* _DATA BLOCK_

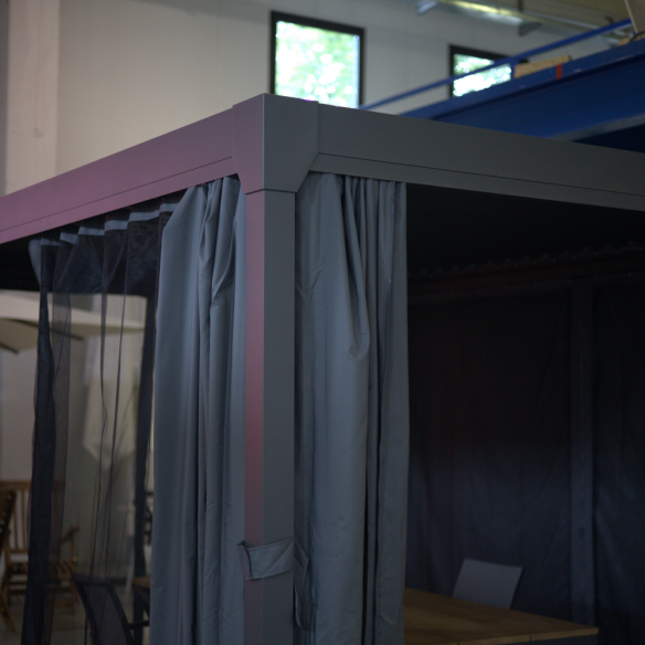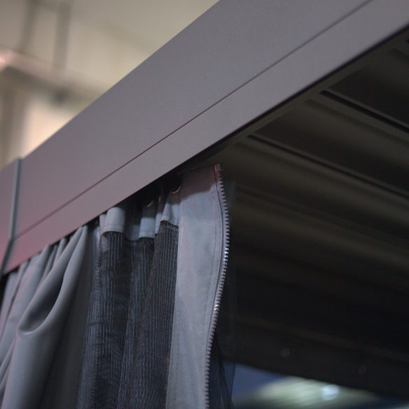 Per chi desidera un’esperienza ancora più esclusiva, è possibile completare la struttura con il kit di tende oscuranti e zanzariere, perfetto per creare un ambiente più riservato, riparato dal sole e protetto dagli insetti, così da godersi al meglio ogni momento all'aperto.
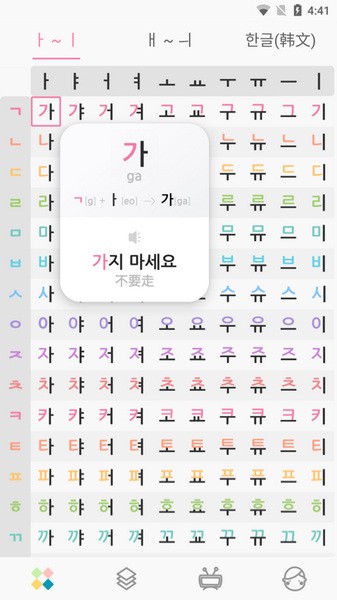 4、轻轻点击字母表中的字母,就可以播放音频,让用户能学习到正确的韩语发音;
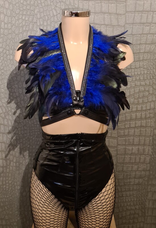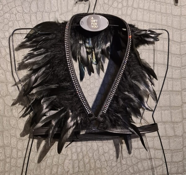 Prachtige veren boa gemaakt van leer met veren een een schtterende rij strass. Je maakt deze boa vast met 2 riempjes rond de taille, zodat het altijd mooi blijft zitten.
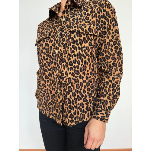 Surchemise velours léopard que l'on peut porter ouverte ou fermer

* _REQUIRED WORK_
The task calls for duplicating the data exactly, with no images kept.

* _EXERCISE RESULT_
 Per chi desidera un’esperienza ancora più esclusiva, è possibile completare la struttura con il kit di tende oscuranti e zanzariere, perfetto per creare un ambiente più riservato, riparato dal sole e protetto dagli insetti, così da godersi al meglio ogni momento all'aperto.
 4、轻轻点击字母表中的字母,就可以播放音频,让用户能学习到正确的韩语发音;
 Prachtige veren boa gemaakt van leer met veren een een schtterende rij strass. Je maakt deze boa vast met 2 riempjes rond de taille, zodat het altijd mooi blijft zitten.
 Surchemise velours léopard que l'on peut porter ouverte ou fermer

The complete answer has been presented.